Da quando Andrea Pirlo è stato chiamato ad allenare la Juventus, la questione relativa alla posizione in campo di Paulo Dybala è tornata prepotentemente al centro del dibattito (ne è mai uscita veramente?).
Al Palermo, al suo arrivo in Italia, la Joya veniva impiegato da prima punta, con Franco Vázquez da no.10 alle sue spalle. Questo posizionamento ha favorito l’ascesa di un giocatore che, nelle 89 partite disputate in rosanero, ebbe a realizzare 21 reti, guadagnandosi la chiamata della Juve al termine della stagione 2014/2015.
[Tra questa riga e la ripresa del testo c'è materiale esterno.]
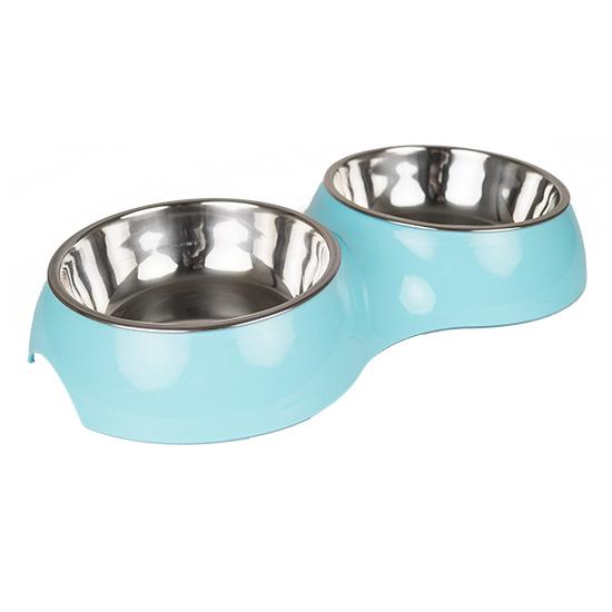 Denne dobbelte mad- og vandskål sørger for, at hunden har sit foder og vand på et samlet sted.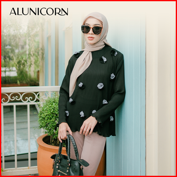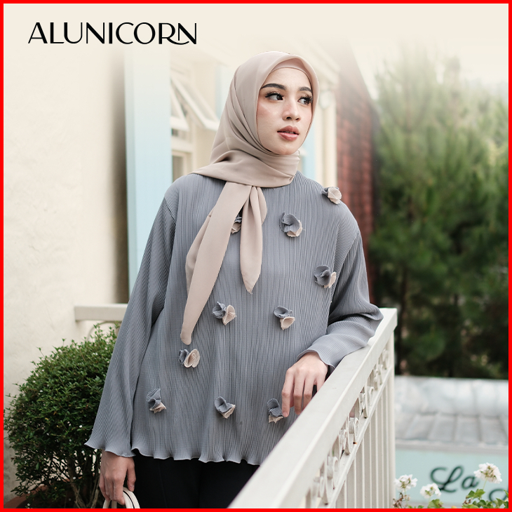Alunicorn - Delle Series - Jean Blouse - Atasan Blus Wanita Motif Bunga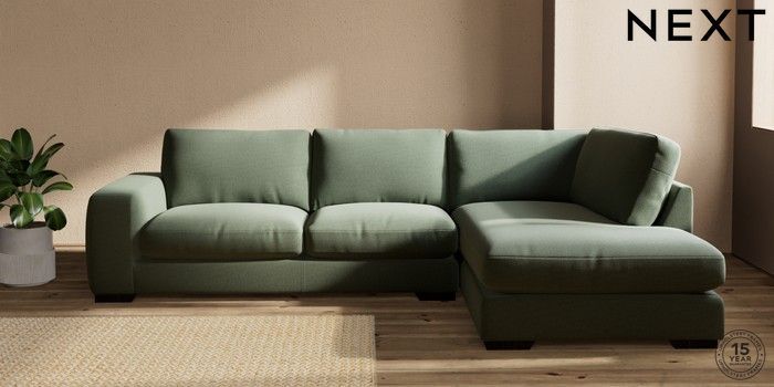 6.12.13 Buy Houghton Deep Relaxed Sit Large Corner Chaise - Right Hand Relaxed Linen Look Dark Green Large Square Angle - Dark from the Next UK online shop Click here to use our accessible website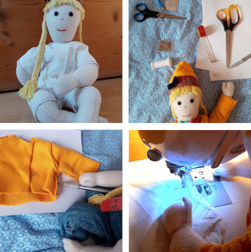 Oder ihr näht für Puppen-Mamas Puppen-Kleider aus alter Kleidung.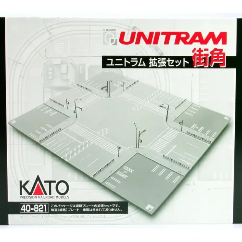 This is Kato 40821 N Unitram Street Track System 4-Way Street Intersection Set (No Track Pieces). Features: UNITRAM Road Plates – 2 x Center Plate with intersection, 4 x Corner Plate with intersection, UNITRAM Accessory kit – includes fences, street lights, traffic signals, and plate joiners.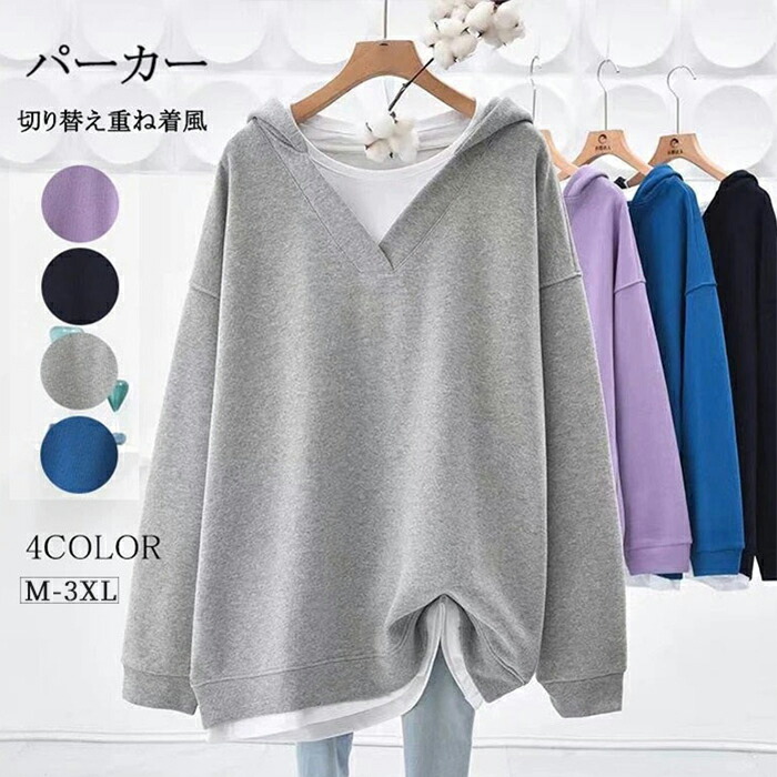 パーカー レディース プルオーバー ボリュームスウェット スウェットパーカー フード付き Vネック 重ね着風 長袖 カジュアル 大人 秋冬 冬 秋 春 かわいい 体型カバー 通勤 通学 無地 女性用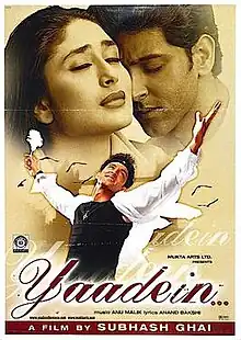 Yaadein (transl. Memories) is a 2001 Indian Hindi-language musical drama film written, directed, edited and produced by Subhash Ghai.[2] The ensemble cast cross over film starring Jackie Shroff, Hrithik Roshan, and Kareena Kapoor. The film was released worldwide on 27 July 2001 to negative reviews and was a box office disappointment.[3][4][5] Jackie Shroff received a nomination for Filmfare Award for Best Supporting Actor at the 47th Filmfare Awards.[6] Despite its box office failure, the film was profitable due to ancillary revenues of ₹21 crore, including ₹8.2 crore from selling music rights to Tips.[7]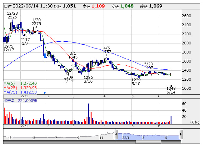 【材料】前場のランキング【値下がり率】 (6月14日)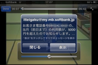 すっかりそんなものの存在すら忘れていたのですが、突然来ました「一定額メール通知」。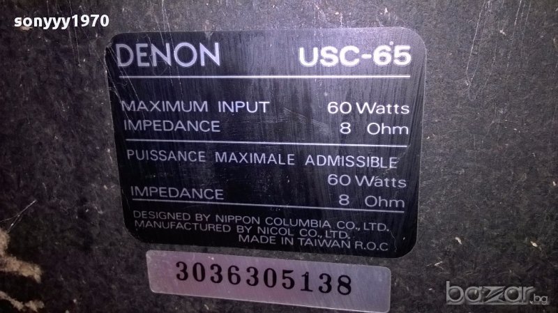 Denon usc-65 8ohms/60watts-1брои-внос швеицария....оригинална трилентова...без ремонти и всички говорители свирят и са оригиналните и...свири прекрасно въпреки че басовият трябва да се позалепи по гънката че леко се е отлепила-поръчки само тук в саита! от днес 28.02.22г пращаме със спиди или еконт с преглед и тест след превод на капаро за куриерската услуга поради зачестили некоректни потребители-поръчки само в тук в саита! по телефона и със смс не! краини цени! бартери не правиме! всеки ден нови неща-още над 18000 обяви тук
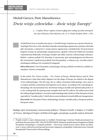 CHRZEÂCIJA¡STWO ÂWIAT•POLITYKA ZESZ Y T Y S P O ŁEC Z NEJ MYŚ L I KO Ś C IO ŁA Michał Gierycz, Piotr Mazurkiewicz Dwie wizje człowieka – dwie wizje Europy1 „(…) mędrcy Boży i mędrcy światowi głupcami wydają się sobie nawzajem” (św. Jan od Krzyża, Pieśń duchowa, 26, 13, w: Dzieła, Kraków 2010, s. 793). Artykuł broni tezy, iż współczesne spory o kształt Europy związane są ze sporem dwóch antropologii. Pierwsza z nich, określana tutaj jako antropologia ograniczona, pojmuje człowieka jako stworzenie, a zatem byt w swojej naturze ograniczony i niedoskonały. Na przeciwnym biegunie sytuuje się antropologia nieograniczona, zgodnie z którą byt ludzki jest moralnie i epistemicznie doskonały; stwarzający niejako sam siebie. Autorzy, wykorzystując wiele przykładów z zakresu polityk UE, dowodzą, iż zarysowany spór antropologiczny jest kluczowy dla zrozumienia współczesnej polityki Unii Europejskiej, a zwłaszcza jej „morality policy”, zdradzającej inklinacje do rozmaitych transgresji. Słowa kluczowe: Unia Europejska, antropologia, Europa, polityka moralności, polityki europejskie, wartości europejskie In the article Two Visions of Man – Two Visions of Europe, Michał Gierycz and Fr. Piotr Mazurkiewicz claim that today’s disputes over the shape of Europe are related to the dispute of two anthropologies. The first type, the so-called constrained anthropology, views man as a creature and thus constrained and imperfect in its nature. According to the contrasting anthropology, the unconstrained one, the human being is morally and epistemically perfect, in a way creating itself. By quoting many examples from the EU policies, the authors prove that the anthropological dispute is crucial to understanding today’s policies of the European Union, especially its “morality policy”, which shows some inclination towards different transgressions. Keywords: the European Union, anthropology, Europe, morality policy, European policies, European values Badając spór towarzyszący nowoczesnej polityce, Thomas Sowell, w książce A Conflict of Visions. Ideological Origins of Political Struggles, przyjmuje za punkt wyjścia doświad1 P rojekt został w części sfinansowany ze środków Narodowego Centrum Nauki przyznanych na podstawie decyzji numer DEC-2011/01/D/HS5/05850. Niniejszy artykuł stanowi fragment artykułu Europejska antropologia i europejska polityka – obserwacja współczesności, który ukaże się niebawem w pracy zbiorowej poświęconej procesom integracji europejskiej wydawanej przez Instytut Europeistyki Uniwersytetu Warszawskiego. 16 CHRZEÂCIJA¡STWO Z ES Z Y T Y S P O ŁEC Z NEJ MYŚLI KO ŚC I O Ł A ÂWIAT•POLITYKA czenie dwóch rewolucji: amerykańskiej i francuskiej2. Pierwsza zaowocowała zaprowadzeniem rządu ograniczonego, odnoszącego się z szacunkiem do obecności religii w sferze publicznej, druga zorganizowała państwowy terror w imię demokracji, połączony z otwartą wojną przeciwko chrześcijaństwu. Skąd bierze się różnica? Zdaniem Sowella, ma ona źródło w dwóch diametralnie różnych wizjach metapolitycznych, rozumianych jako typy idealne w sensie weberowskim: ograniczonej i nieograniczonej3. Od strony funkcjonalnej różnica zasadza się na odmiennym pojmowaniu dwóch kluczowych kryteriów: umiejscowienia źródła decyzji (locus of discretion) oraz sposobu ich realizacji (mode of discretion)4. Pierwsza nakierowana jest na próbę uzgodnienia stojących w konflikcie interesów i przekonań na temat tego, co może być uznane za dobro społeczne, podczas gdy druga ukierunkowana jest na implementację poznawalnego i możliwego do zidentyfikowania dobra społecznego – wartości najwyższej (na przykład, marksistowskiego ideału społeczeństwa bezklasowego)5. Pierwsza, odwołując się do intuicji, że cywilizacja jest jedynie cienką warstwą nałożoną na pokłady barbarzyństwa, postrzega politykę jako codzienne pokorne działanie na rzecz uchronienia świata przed katastrofą. Dobrze oddają to słowa Roberta Spaemanna: „Opóźnianie końca jest podstawową strukturą wszelkiej ludzkiej polityki. (…) Polityka jest czujnym trzymaniem w szachu tendencji, które sprzyjają wybuchowi «pierwotnego chaosu»”6. Druga, inspirując się oświeceniowym optymizmem postrzega politykę, jako narzędzie nieustannego postępu; w prometejskim porywie pragnie zbudować raj na ziemi. Zwolennicy wizji nieograniczonej uważają, że każdy problem społeczny może zostać racjonalnie rozwiązany, jeśli tylko rozum i cnota zatriumfuje nad ignorancją i nikczemnością7. Definitywne rozwiązanie (final solution) ma na ogół charakter technokratyczny, wymaga gruntownej przebudowy instytucji społecznych i politycznych, nie rodzi natomiast zapotrzebowania – co zostanie wyjaśnione poniżej – na indywidualne cnoty obywateli8. Idealne społeczeń- 2 T . Sowell, A Conflict of Visions. Ideological Origins of Political Struggles, New York 2007. 3 W debacie na ten temat przywoływane są także inne argumenty. Hannah Arendt, na przykład, wskazuje na brak „kwestii społecznej” w Ameryce oraz na fakt, że generalnie rewolucja odtwarza ustrój przedrewolucyjny. Po brytyjskim rządzie ograniczonym następuje rząd ograniczony, a po francuskiej monarchii absolutnej – absolutyzm. 4 T. Sowell, A Conflict of Visions. Ideological Origins of Political Struggles, dz. cyt., s. 106. 5 Por. V. Vanberg, Conflict of Visions. Thomas Sowell, „Cato Journal”, Vol. 7, No. 2 (Fall 1987), s. 547. 6 R . Spaemann, Kroki poza siebie. Przemówienia i eseje I, Warszawa 2012, s. 275. 7 P or. I. Berlin, Cztery eseje o wolności, Poznań 2000, s. 67. 8 W warstwie leksykalnej często używane są słowa takie, jak: wykorzenienie, wyplenienie, likwidacja, ostateczne rozwiązanie. 17 CHRZEÂCIJA¡STWO ÂWIAT•POLITYKA ZESZ Y T Y S P O ŁEC Z NEJ MYŚ L I KO Ś C IO ŁA stwo oparte będzie na biurokracji9. Zbawienie „socjolog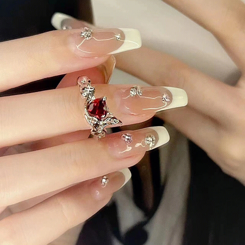 S925 sterling silver niche design red open diamond set zircon french irregular gem ring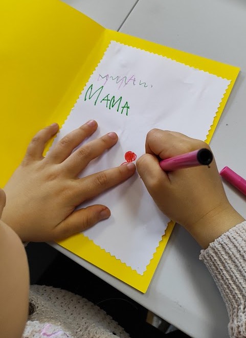 Kūrybinėje dalyje mažieji dalyviai gamino spalvingus atvirukus mamoms – kupinus meilės, dėkingumo ir gražiausių jausmų. Taip pat vaikai atnešė nupieštus savo mamų portretus, kurie papuoš biblioteką Motinos dienos proga.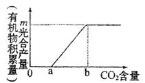 在最适宜的光照、温度和水、肥等理想条件下,空气中CO2含量与植物光合产量(有机物积累量)的关系如图所示。理论上分析,不正确的是( )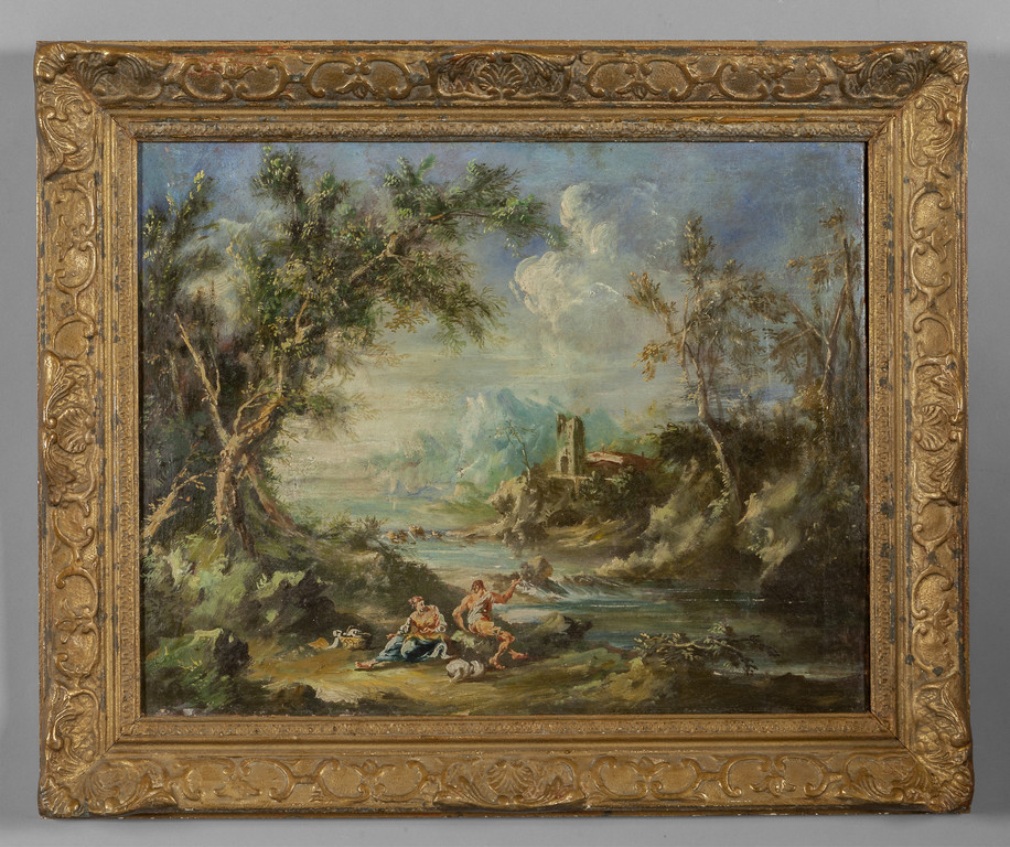 Scuola veneta sec.XVIII/XIX "Paesaggi con figure"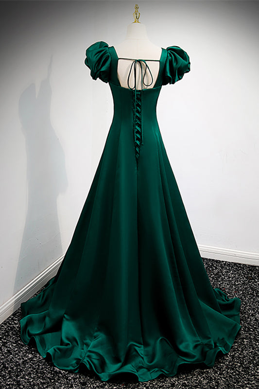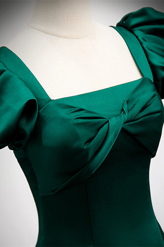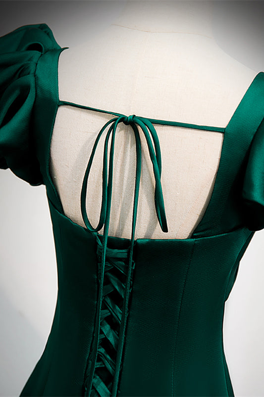 Square Short Sleeves A-Line Satin Party Prom Dress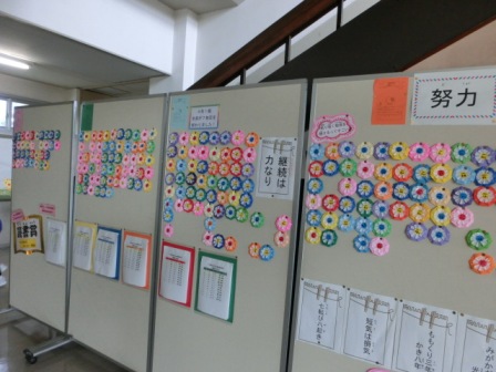 学年によって目標回数が示されています。それを超えると「達成賞」がもらえます。どのクラスも、どのチームも、友だちと励まし合い、温かな声かけで目標を達成して欲しいです。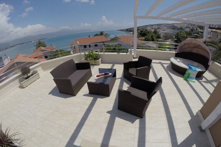 La villa dispose de trois chambres : deux avec lits doubles et une avec deux lits simples, pouvant accueillir de 6 à 8 personnes. Une terrasse au dernier étage vous permettra de profiter d'une vue imprenable sur la mer.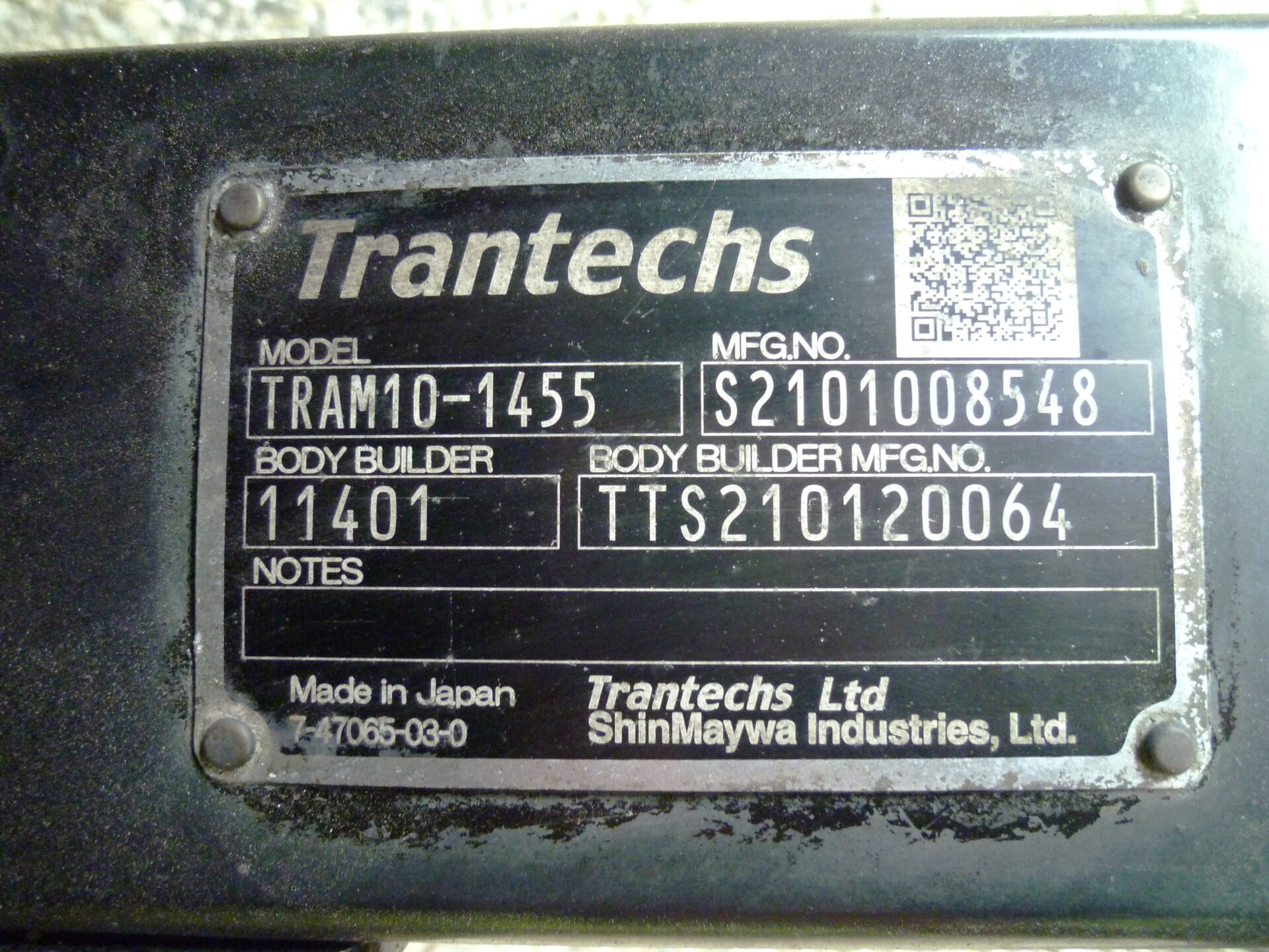 トランテックス 製造番号/V000H57 左サイドドア/片開き 寸法/H2,170×W1,230(mm) 床/板張り ラッシングレール/2段 工具箱×1 トランテックス跳上PG MODEL/TRAM10-1455 MFGNo.S2101008548 リモコン 寸法/L1,550×W2,390(mm)ストッパー迄L1,310×W2,260(mm) リヤエアサス バックアイカメラ/クラリオン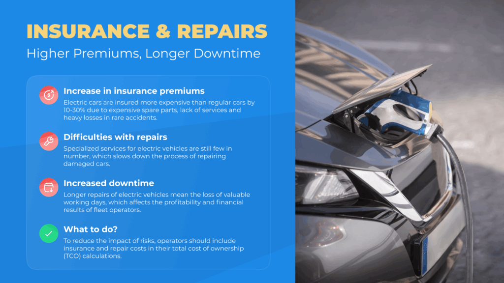 For rental companies, this translates into both higher premiums and higher out-of-pocket costs when incidents occur. Some insurers are beginning to offer specialized EV policies, but pricing remains volatile. Fleet managers must include these expenses in TCO analyses and explore risk-reduction measures like telematics or driver training.

Arrivato in bianconero, l’argentino ha iniziato un lungo peregrinare per il campo che lo ha portato dal giocare come seconda punta (accanto a Mandžukić) fino al giostrare sempre più lontano dalla porta avversaria. Allegri aveva bisogno di lui da “collante” tra reparti, ma era anche generalmente convinto della impossibilità per l’argentino di poter fare il centravanti in una grande squadra. Con l’arrivo di Cristiano Ronaldo, questa tendenza di Dybala ad agire lontano dagli ultimi sedici metri si è accentuata. Il numero 10 a quel punto è stato prevalentemente impiegato per aiutare la squadra nella risalita del campo.
Cominciò allora a serpeggiare fra fans e media l’idea che il portoghese e Dybala fossero tatticamente incompatibili. Nel giugno 2019 viene presentato alla stampa il nuovo tecnico, Maurizio Sarri. Secondo l’allenatore toscano «Ronaldo e Dybala possono giocare assieme».
Con l’ex tecnico del Napoli in panchina, Dybala ha accentuato la sua inclinazione a giocare nel mezzo spazio destro, contribuendo a creare quel sovraccarico di uomini che Sarri ha utilizzato per moltiplicare le linee di passaggio e consolidare il possesso bianconero dal quel lato.
Una posizione che si è sposata con l’inclinazione dell’argentino a venire incontro al portatore di palla per ricevere palla sui piedi, con la conseguenza però di rendergli difficile la possibilità di andare a riempire l’area avversaria.
In pratica, da quando ha lasciato Palermo l’argentino si è progressivamente allontanato dagli ultimi sedici metri per assurgere ad una funzione meno da attaccante e più da rifinitore. In questo senso, nel calcio di Pirlo il Dybala bianconero rientra nella categoria degli invasori, cioè dei giocatori deputati appunto ad invadere la metà campo offensiva.
Tuttavia, questi giocatori devono anche avere una predisposizione ad attaccare la profondità che Dybala sembra non avere o aver perso. Nel modello di gioco proposto dal nuovo allenatore la squadra sviluppa con un 3-2/4-1, vale a dire con cinque costruttori e altrettanti invasori. In fase di possesso la squadra è chiamata ad occupare le zone di ampiezza (quelle esterne) e rifinitura (fra le linee di difesa e centrocampo avversarie) ma anche ad attaccare la profondità.
Come dice Viscidi, per far gol bisogna andare oltre la linea difensiva dell’altra squadra. La questione Dybala riguarda quindi la sua attitudine ad andare in profondità, anche con corse di ‘sacrificio’, cioè non premiate da un passaggio ma utili per far rinculare la linea avversaria e liberare i compagni.
Cioè esattamente le stesse cose ribadite da Pirlo nel dopo-gara del derby quando ha dichiarato che, quando gli avversari si chiudono, ‹‹hai bisogno di muoverti, di trovare più spazio, attaccare più volte la profondità per liberare spazi anche per altri giocatori››. Di contro, andare ad abbassarsi verso il portatore quando quest’ultimo può avanzare o giocare palla in avanti (situazione di palla aperta) finisce per ridurre il numero degli invasori.
Una soluzione potrebbe essere quella di convincere Dybala a tornare a giocare in posizione più avanzata, da attaccante, vicino alla porta avversaria. Una situazione alla quale l’argentino non sembra più abituato ma che, con un dovuto ricondizionamento, potrebbe risolvere il problema di dove utilizzarlo al meglio.